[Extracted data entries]
____________
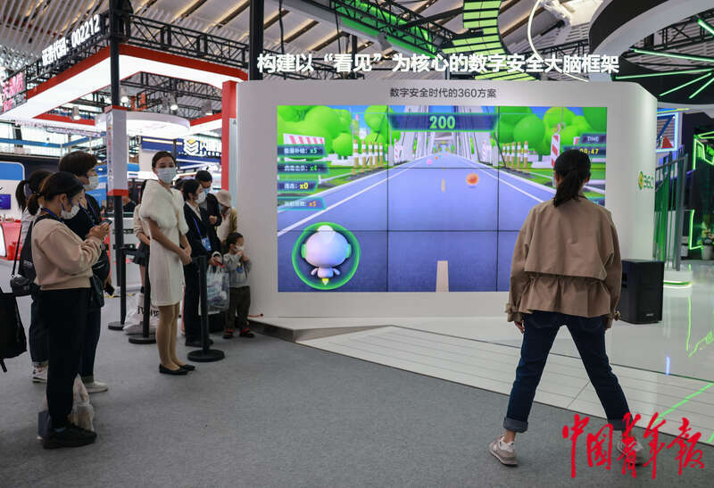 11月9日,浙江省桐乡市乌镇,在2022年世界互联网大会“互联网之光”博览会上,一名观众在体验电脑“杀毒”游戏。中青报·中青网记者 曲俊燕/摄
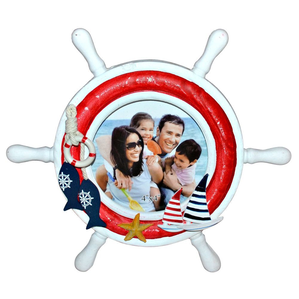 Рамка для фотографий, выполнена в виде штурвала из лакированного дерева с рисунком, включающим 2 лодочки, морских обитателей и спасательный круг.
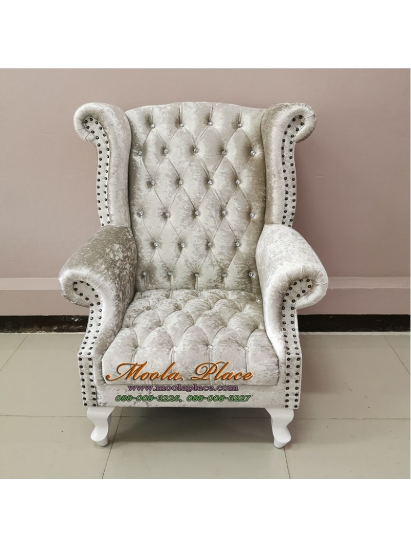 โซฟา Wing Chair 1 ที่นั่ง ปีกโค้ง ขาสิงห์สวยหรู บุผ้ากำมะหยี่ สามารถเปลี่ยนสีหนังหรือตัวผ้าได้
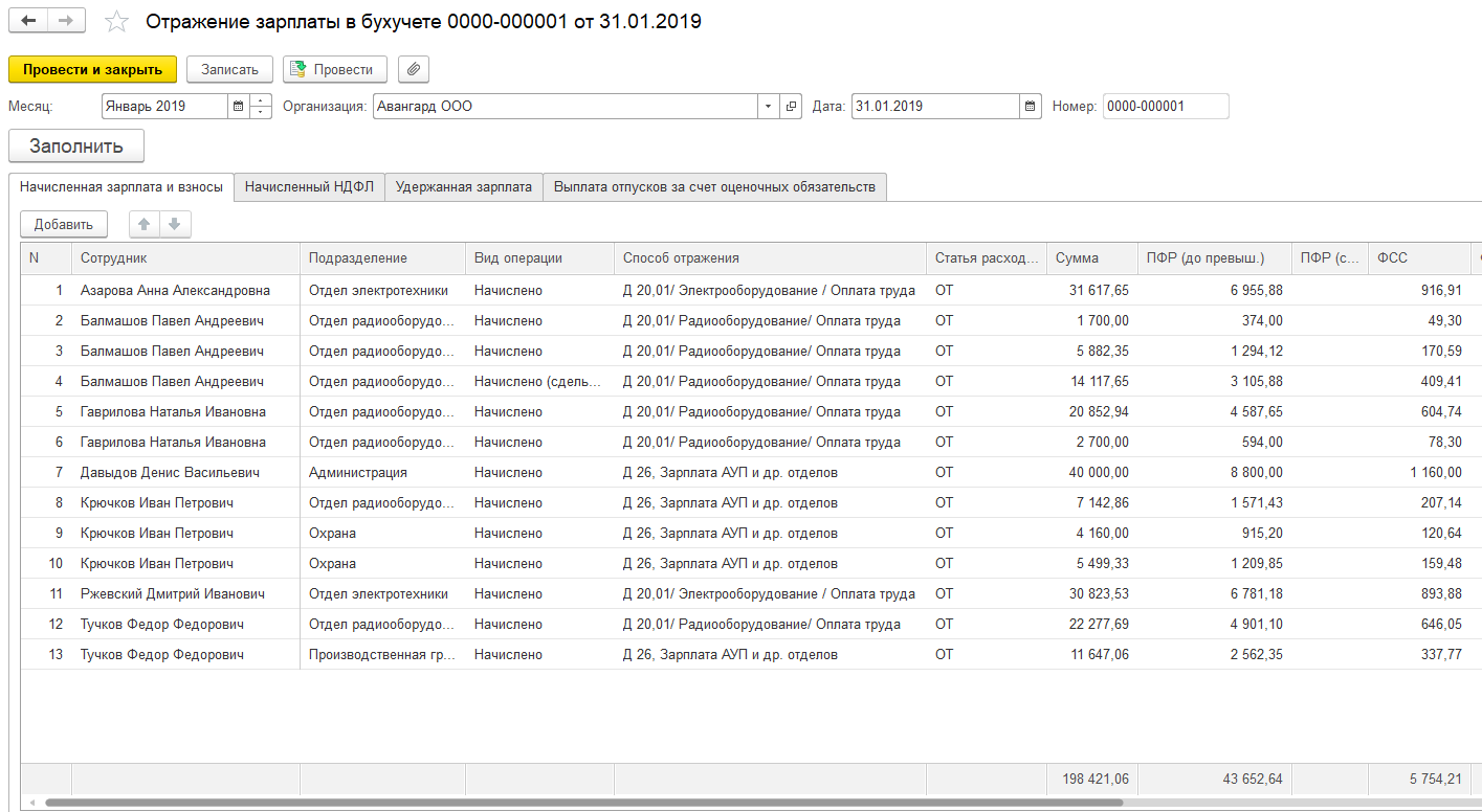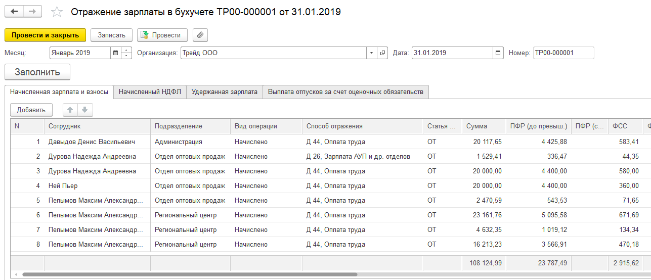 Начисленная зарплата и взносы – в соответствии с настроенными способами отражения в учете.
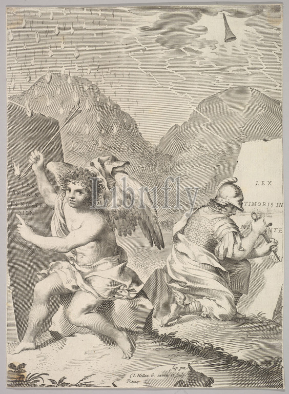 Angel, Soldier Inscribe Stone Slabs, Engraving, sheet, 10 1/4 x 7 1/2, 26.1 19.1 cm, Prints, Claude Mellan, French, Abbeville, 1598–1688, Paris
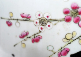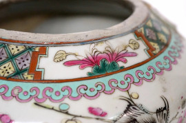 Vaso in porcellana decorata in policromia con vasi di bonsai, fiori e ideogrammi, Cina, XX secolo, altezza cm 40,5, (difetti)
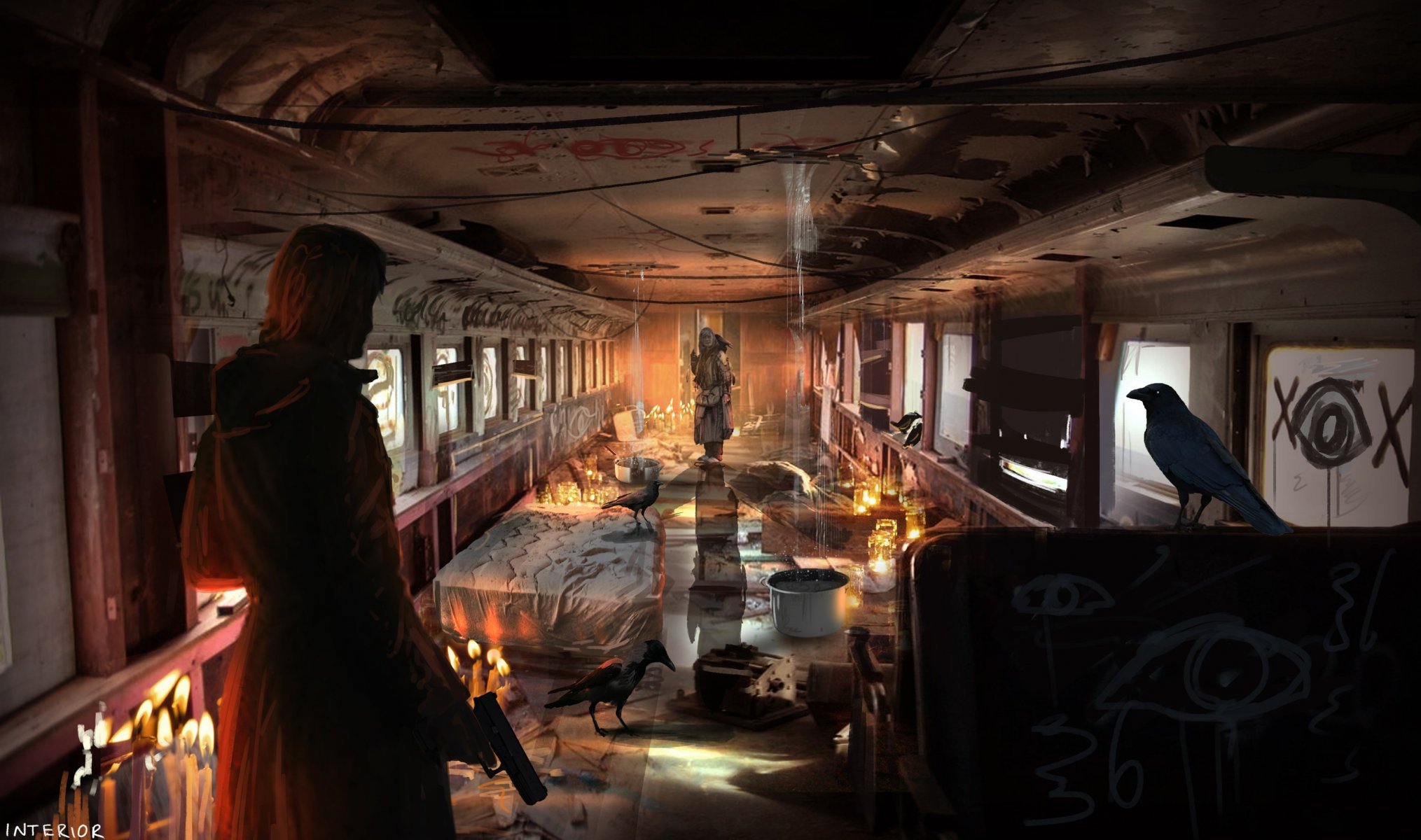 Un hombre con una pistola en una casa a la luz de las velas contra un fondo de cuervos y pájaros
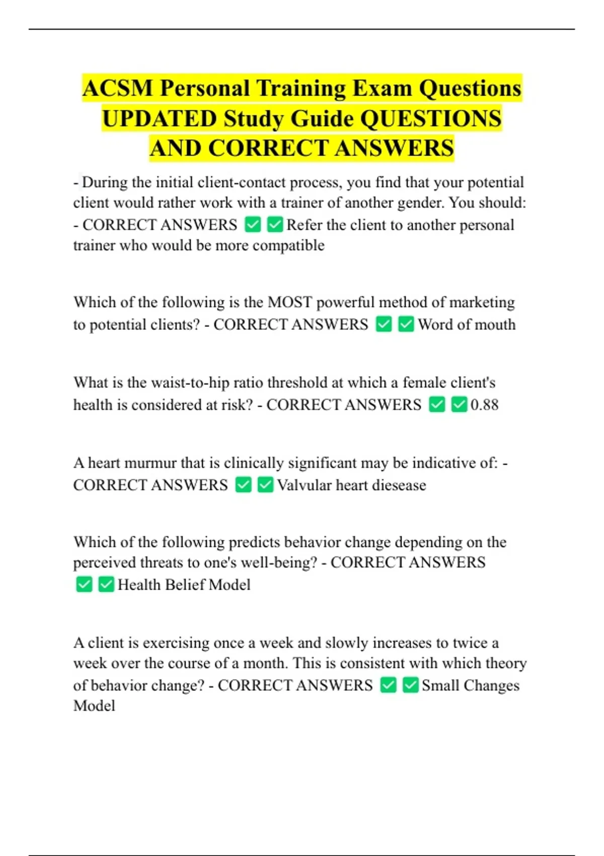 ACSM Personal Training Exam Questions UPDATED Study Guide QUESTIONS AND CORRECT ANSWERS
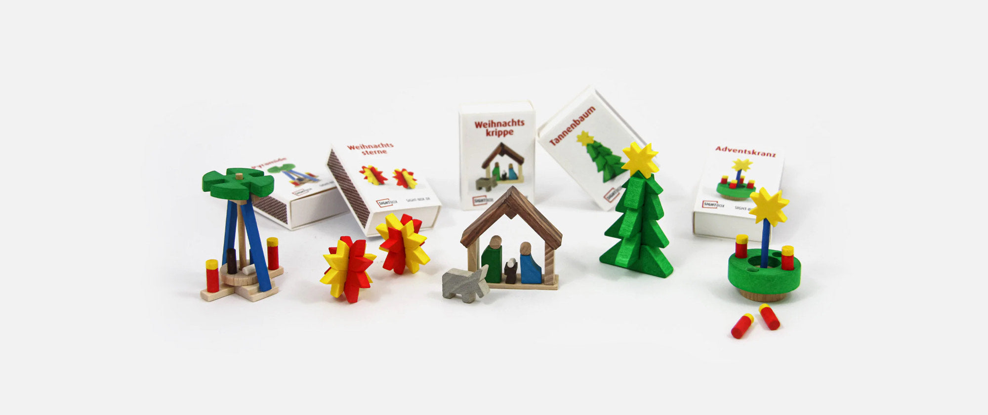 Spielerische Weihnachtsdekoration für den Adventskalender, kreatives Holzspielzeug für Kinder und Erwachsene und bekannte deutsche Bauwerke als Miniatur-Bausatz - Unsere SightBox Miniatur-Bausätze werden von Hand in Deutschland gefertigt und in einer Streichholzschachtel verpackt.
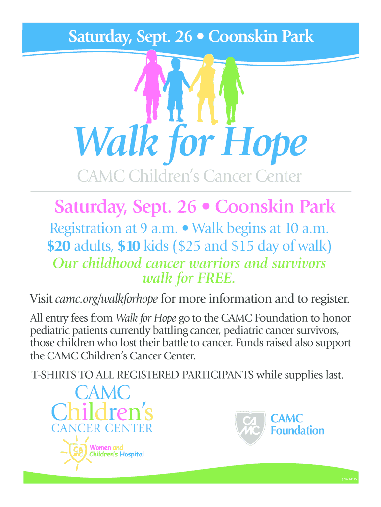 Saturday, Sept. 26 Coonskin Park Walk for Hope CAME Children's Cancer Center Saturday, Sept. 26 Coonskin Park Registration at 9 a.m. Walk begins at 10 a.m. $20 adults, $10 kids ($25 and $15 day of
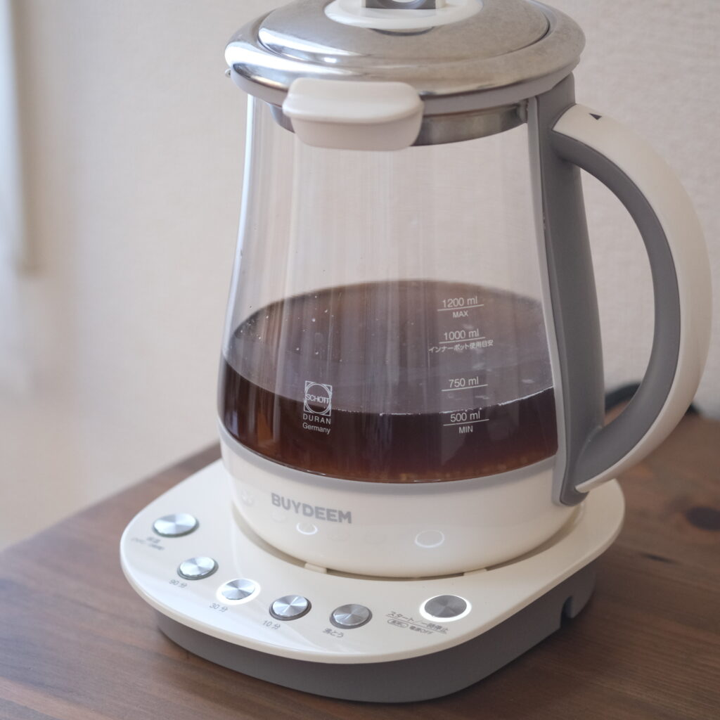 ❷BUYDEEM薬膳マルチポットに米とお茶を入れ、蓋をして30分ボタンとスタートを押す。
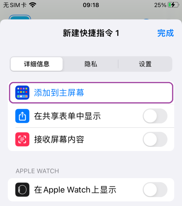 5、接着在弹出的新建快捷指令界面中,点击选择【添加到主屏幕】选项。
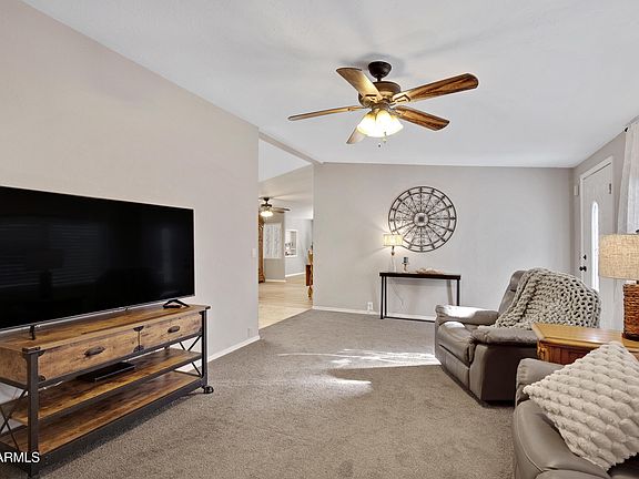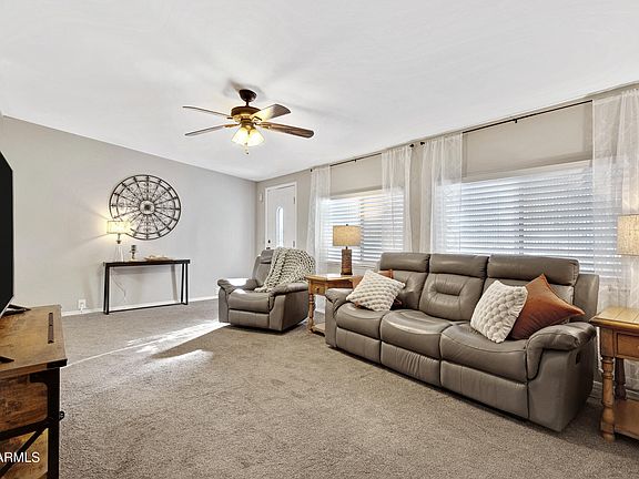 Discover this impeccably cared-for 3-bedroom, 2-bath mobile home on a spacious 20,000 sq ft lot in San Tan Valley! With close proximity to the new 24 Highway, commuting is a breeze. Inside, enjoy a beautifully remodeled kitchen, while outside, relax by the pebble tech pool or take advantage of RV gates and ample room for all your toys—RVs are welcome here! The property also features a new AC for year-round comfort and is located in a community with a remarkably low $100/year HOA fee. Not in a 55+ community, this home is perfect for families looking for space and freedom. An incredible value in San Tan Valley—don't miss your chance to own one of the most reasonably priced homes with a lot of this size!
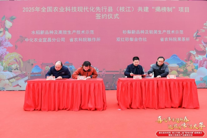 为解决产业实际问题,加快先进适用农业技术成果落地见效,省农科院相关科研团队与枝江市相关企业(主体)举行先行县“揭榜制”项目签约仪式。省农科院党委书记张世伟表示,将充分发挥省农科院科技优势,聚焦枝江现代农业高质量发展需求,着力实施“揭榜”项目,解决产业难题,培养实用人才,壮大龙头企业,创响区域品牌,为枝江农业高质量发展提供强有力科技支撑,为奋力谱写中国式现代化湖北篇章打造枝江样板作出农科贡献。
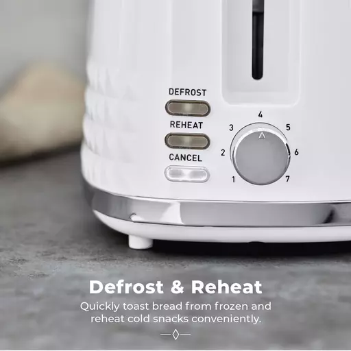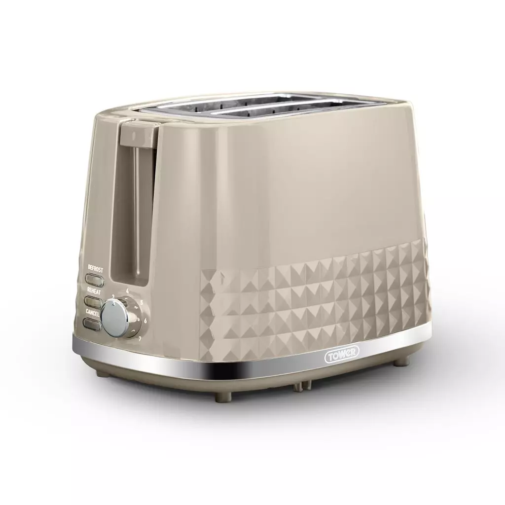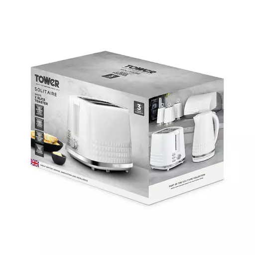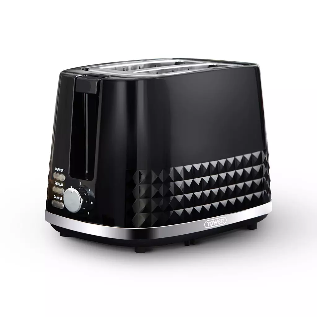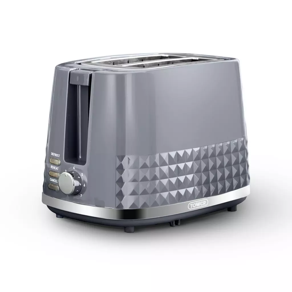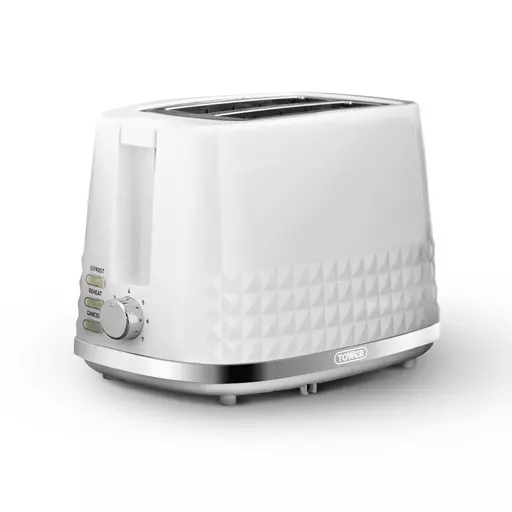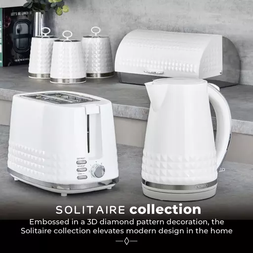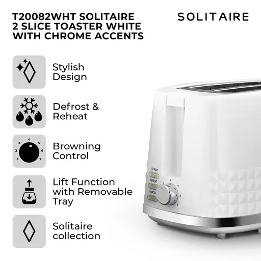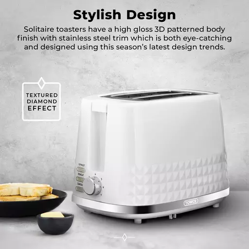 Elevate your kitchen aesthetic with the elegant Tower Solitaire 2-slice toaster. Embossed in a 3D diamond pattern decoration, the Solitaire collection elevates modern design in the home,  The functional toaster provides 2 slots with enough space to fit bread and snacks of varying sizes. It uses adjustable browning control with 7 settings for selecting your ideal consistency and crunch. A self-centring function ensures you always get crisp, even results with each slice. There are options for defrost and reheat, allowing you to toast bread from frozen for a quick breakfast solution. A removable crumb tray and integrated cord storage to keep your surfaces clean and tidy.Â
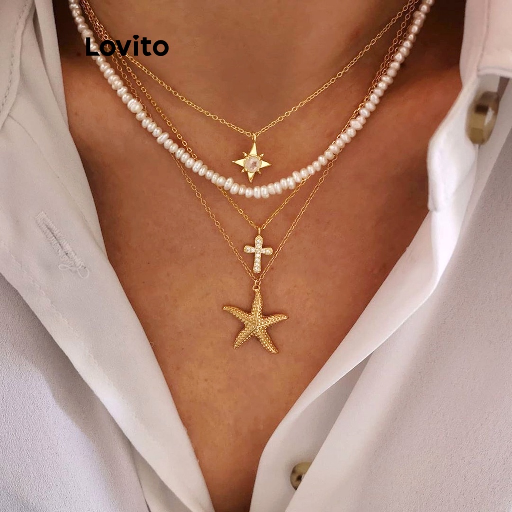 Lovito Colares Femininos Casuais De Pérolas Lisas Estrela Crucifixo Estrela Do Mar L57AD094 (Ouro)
____________
- WHAT YOU NEED TO DO
Transcribe every record above exactly, leaving out the pictures.

- RESPONSE TO THIS TASK
 11月9日,浙江省桐乡市乌镇,在2022年世界互联网大会“互联网之光”博览会上,一名观众在体验电脑“杀毒”游戏。中青报·中青网记者 曲俊燕/摄
 Рамка для фотографий, выполнена в виде штурвала из лакированного дерева с рисунком, включающим 2 лодочки, морских обитателей и спасательный круг.
 โซฟา Wing Chair 1 ที่นั่ง ปีกโค้ง ขาสิงห์สวยหรู บุผ้ากำมะหยี่ สามารถเปลี่ยนสีหนังหรือตัวผ้าได้
 Начисленная зарплата и взносы – в соответствии с настроенными способами отражения в учете.
 Angel, Soldier Inscribe Stone Slabs, Engraving, sheet, 10 1/4 x 7 1/2, 26.1 19.1 cm, Prints, Claude Mellan, French, Abbeville, 1598–1688, Paris
 Vaso in porcellana decorata in policromia con vasi di bonsai, fiori e ideogrammi, Cina, XX secolo, altezza cm 40,5, (difetti)
 Un hombre con una pistola en una casa a la luz de las velas contra un fondo de cuervos y pájaros
 ACSM Personal Training Exam Questions UPDATED Study Guide QUESTIONS AND CORRECT ANSWERS
 Spielerische Weihnachtsdekoration für den Adventskalender, kreatives Holzspielzeug für Kinder und Erwachsene und bekannte deutsche Bauwerke als Miniatur-Bausatz - Unsere SightBox Miniatur-Bausätze werden von Hand in Deutschland gefertigt und in einer Streichholzschachtel verpackt.
 Saturday, Sept. 26 Coonskin Park Walk for Hope CAME Children's Cancer Center Saturday, Sept. 26 Coonskin Park Registration at 9 a.m. Walk begins at 10 a.m. $20 adults, $10 kids ($25 and $15 day of
 ❷BUYDEEM薬膳マルチポットに米とお茶を入れ、蓋をして30分ボタンとスタートを押す。
 5、接着在弹出的新建快捷指令界面中,点击选择【添加到主屏幕】选项。
 Discover this impeccably cared-for 3-bedroom, 2-bath mobile home on a spacious 20,000 sq ft lot in San Tan Valley! With close proximity to the new 24 Highway, commuting is a breeze. Inside, enjoy a beautifully remodeled kitchen, while outside, relax by the pebble tech pool or take advantage of RV gates and ample room for all your toys—RVs are welcome here! The property also features a new AC for year-round comfort and is located in a community with a remarkably low $100/year HOA fee. Not in a 55+ community, this home is perfect for families looking for space and freedom. An incredible value in San Tan Valley—don't miss your chance to own one of the most reasonably priced homes with a lot of this size!
 为解决产业实际问题,加快先进适用农业技术成果落地见效,省农科院相关科研团队与枝江市相关企业(主体)举行先行县“揭榜制”项目签约仪式。省农科院党委书记张世伟表示,将充分发挥省农科院科技优势,聚焦枝江现代农业高质量发展需求,着力实施“揭榜”项目,解决产业难题,培养实用人才,壮大龙头企业,创响区域品牌,为枝江农业高质量发展提供强有力科技支撑,为奋力谱写中国式现代化湖北篇章打造枝江样板作出农科贡献。
 Elevate your kitchen aesthetic with the elegant Tower Solitaire 2-slice toaster. Embossed in a 3D diamond pattern decoration, the Solitaire collection elevates modern design in the home,  The functional toaster provides 2 slots with enough space to fit bread and snacks of varying sizes. It uses adjustable browning control with 7 settings for selecting your ideal consistency and crunch. A self-centring function ensures you always get crisp, even results with each slice. There are options for defrost and reheat, allowing you to toast bread from frozen for a quick breakfast solution. A removable crumb tray and integrated cord storage to keep your surfaces clean and tidy.Â
 Lovito Colares Femininos Casuais De Pérolas Lisas Estrela Crucifixo Estrela Do Mar L57AD094 (Ouro)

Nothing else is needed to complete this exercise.